I feel for all of you going through this.

Thanks

  • Hi Aggiegirl,

    Welcome to the boards.

    I take it this is the first visit with the oncologist?  I won't assume your frequenting 'Dr. Google' but obviously advice as to be careful what you read online stands even when it is serious medical journals (unless your medical understanding is very good of course).

    I don't have your husband's diagnosis but got to stage 3 breast cancer with no symptoms (not even a palpable lump due to glandular tissue in both breasts) and it was only found because I was set in my head that I would not leave my GP's without a referral for early screening (I had a bad feeling and had twice in the last 5 years believed I had been referred for early screening but to no avail).  And that's the wonder of some cancers, they can have no symptoms until well down the line.

    While I am fighting hard and fully intend on beating my cancer, I realise the stats aren't brilliant for me so I understand your concern about living life vs. "don't go to the funeral today".  Especially as my husband is a very sensitive, emotional soul.  I have good reason to worry he will just give up on life if I die (even though he shouldn't), and as he is an introvert he has lots of people that love him dearly but he doesn't see them very often (certainly nowhere near as much as they would like to see him).

    So, for that reason I am walking a line between my genuine feeling of being positive and wanting to thoroughly enjoy every bit of time that I'm lucky enough to have with him, alongside trying to find ways to ensure that he has a good support circle if the worst happens.

    One thing that I would say isn't going to help you is avoiding the crying.  Crying is one of the most helpful things we can do for ourselves (when we feel it coming on).  Having a good cry can temporarily remove that feeling of hurt and worry and allow you the freedom to just enjoy time with your husband.  It can let you get back to laughing together, talking together, as if life is just as it always has been, and you need that normality as it is who you are as a couple.  Don't let the cancer take that from you, it will try to, but it is important you keep in mind who you are as a couple.

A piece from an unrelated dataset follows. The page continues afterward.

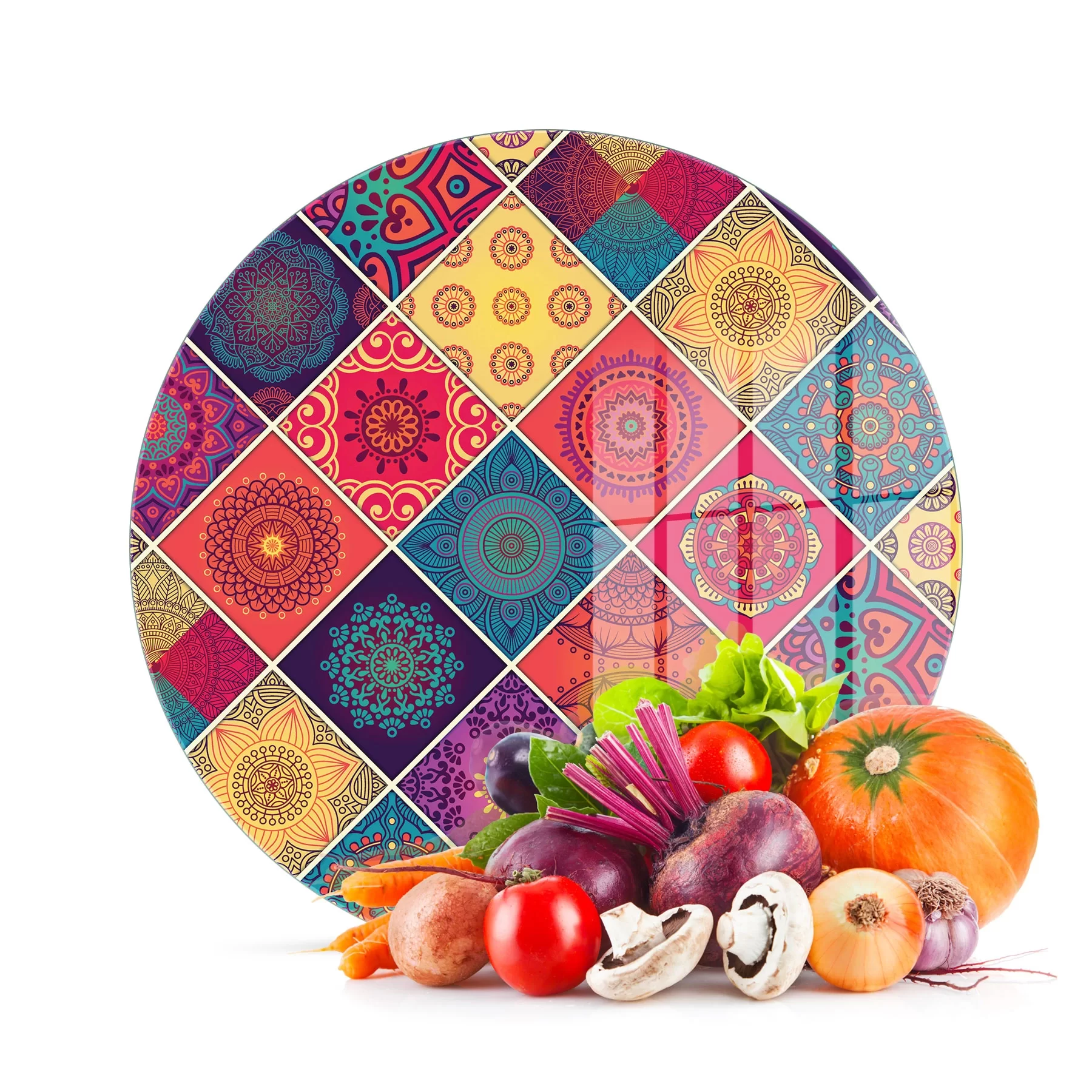 Decovetro Cam Kesme Tahtası ve Sunumluk Yuvarlak Karma Mandala Desenli 30x30 Cm
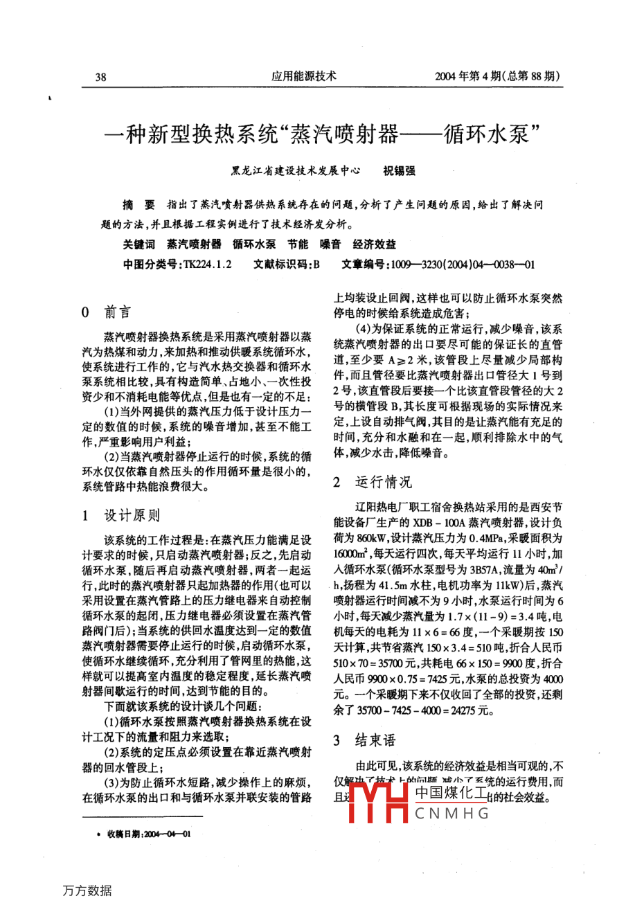 38應(yīng)用能源技術(shù)2004年第4期(總第88期)--種新型換熱系統(tǒng)“蒸汽噴射器循環(huán)水泵”黑龍江省建設(shè)技術(shù)發(fā)展中心祝錫強(qiáng)摘要指出了蒸汽噴射器供熱系統(tǒng)存在的問題,分析了產(chǎn)生問題的原因,給出了解決問題的方法,并且根據(jù)工程實(shí)例進(jìn)行了技術(shù)經(jīng)濟(jì)發(fā)分析。.關(guān)鍵詞蒸汽噴射器循環(huán)水泵節(jié)能噪音經(jīng)濟(jì)效益中圖分類號(hào):TK224.1.2文獻(xiàn)標(biāo)識(shí)碼:B文章編號(hào):1009- -3230(2004)04- -0038- -01上均裝設(shè)止回閥,這樣也可以防止循環(huán)水泵突然0前言停電的時(shí)候給系統(tǒng)造成危害;蒸汽噴射器換熱系統(tǒng)是采用蒸汽噴射器以蒸(4)為保證系統(tǒng)的正常運(yùn)行,減少噪音,該系汽為熱煤和動(dòng)力,來(lái)加熱和推動(dòng)供暖系統(tǒng)循環(huán)水,統(tǒng)蒸汽噴射器的出口要盡可能的保證長(zhǎng)的直管使系統(tǒng)進(jìn)行工作的,它與汽水熱交換器和循環(huán)水道,至少要A≥2米,該管段上盡量減少局部構(gòu)泵系統(tǒng)相比較,具有構(gòu)造簡(jiǎn)單、占地小一次性投件,而且管徑要比蒸汽噴射器出口管徑大1號(hào)到資少和不消耗電能等優(yōu)點(diǎn),但是也有一定的不足: .2號(hào),該直管段后要接一個(gè)比該直管段管徑的大2(1)當(dāng)外網(wǎng)提供的蒸汽壓力低于設(shè)計(jì)壓力一號(hào)的橫管段B,其長(zhǎng)度可根據(jù)現(xiàn)場(chǎng)的實(shí)際情況來(lái)定的數(shù)值的時(shí)候,系統(tǒng)的噪音增加,甚至不能工定,上設(shè)自動(dòng)排氣閥,其目的是讓蒸汽能有充足的時(shí)間,充分和水融和在一起,順利排除水中的氣作,嚴(yán)重影響用戶利益;(2)當(dāng)蒸汽噴射器停止運(yùn)行的時(shí)候,系統(tǒng)的循體,減少水擊,降低噪音。環(huán)水僅僅依靠自然壓頭的作用循環(huán)量是很小的,2運(yùn)行情況.系統(tǒng)管路中熱能浪費(fèi)很大。遼陽(yáng)熱電廠職工宿舍換熱站采用的是西安節(jié)1設(shè)計(jì)原則能設(shè)備廠生產(chǎn)的XDB - 100A蒸汽噴射器,設(shè)計(jì)負(fù)該系統(tǒng)的工作過程是:在蒸汽壓力能滿足設(shè)荷為860kW ,設(shè)計(jì)蒸汽壓力為0. 4MPa,采暖面積為計(jì)要求的時(shí)候,只啟動(dòng)蒸汽噴射器;反之,先啟動(dòng)16000m2 ,每天運(yùn)行四次,每天平均運(yùn)行11小時(shí),加循環(huán)水泵,隨后再啟動(dòng)蒸汽噴射器,兩者一起運(yùn)人循環(huán)水泵(循環(huán)水泵型號(hào)為3BS7A,流量為40m21行,此時(shí)的蒸汽噴射器只起加熱器的作用(也可以h,揚(yáng)程為41.5m水柱,電機(jī)功率為11kW)后,蒸汽采用設(shè)置在蒸汽管路上的壓力繼電器來(lái)自動(dòng)控制噴射器運(yùn)行時(shí)間減不為9小時(shí),水泵運(yùn)行時(shí)間為6循環(huán)水泵的起閉,壓力繼電器必須設(shè)置在蒸汽管小時(shí),每天減少蒸汽量為1.7x(11-9)=3.4噸,電.路閥門后);當(dāng)系統(tǒng)的供回水溫度達(dá)到一定的數(shù)值機(jī)每天的電耗為11x6=66度,-一個(gè)采暖期按150蒸汽噴射器需要停止運(yùn)行的時(shí)候,啟動(dòng)循環(huán)水泵,天計(jì)算,共節(jié)省蒸汽150x3.4= 510噸,折合人民幣使循環(huán)水繼續(xù)循環(huán),充分利用了管網(wǎng)里的熱能,這510x 70= 35700元,共耗電6x 150=9900度,折合樣就可以提高室內(nèi)溫度的穩(wěn)定程度,延長(zhǎng)蒸汽噴人民幣9900x0.75 = 7425元,水泵的總投資為4000射器間歇運(yùn)行的時(shí)間,達(dá)到節(jié)能的目的。元。-個(gè)采暖期下來(lái)不僅收回了全部的投資,還剩下面就該系統(tǒng)的設(shè)計(jì)談幾個(gè)問題: .余了35700- 7425 - 4000= 24275元。(1)循環(huán)水泵按照蒸汽噴射器換熱系統(tǒng)在設(shè)計(jì)工況下的流量和阻力來(lái)選取;3結(jié)束語(yǔ)(2)系統(tǒng)的定壓點(diǎn)必須設(shè)置在靠近蒸汽噴射器的回水管段上;由此可見,該系統(tǒng)的經(jīng)濟(jì)效益是相當(dāng)可觀的,不(3)為防止循環(huán)水短路,減少操作上的麻煩,僅解蟲了技術(shù)上的問題減小了統(tǒng)的運(yùn)行費(fèi)用,而在循環(huán)水泵的出口和與循環(huán)水泵并聯(lián)安裝的管路助 I中國(guó)煤化工的社會(huì)效益。TYHCNMHG●收稿日期200-04 -01

    I think maybe that hits on my main point.  Cancer will take so much from us if we let it and it can of course take our lives, but within reason it can only take how we want to spend the rest of our time from us if we let it.

    My feeling is that the most important thing we can do is be with our spouses/partners and enjoy their company just as we have for years.  Have the laughs, have the cries, have the emotional intimacy, and just be a couple.  It is those loving memories that you want staying with you should the worst happen so set about creating them.

    Hope that is of some help, and thank you for your last comment, it is rough going through this but I have to be honest and say I think it's harder on our loved ones so I really feel for you and what you are going through.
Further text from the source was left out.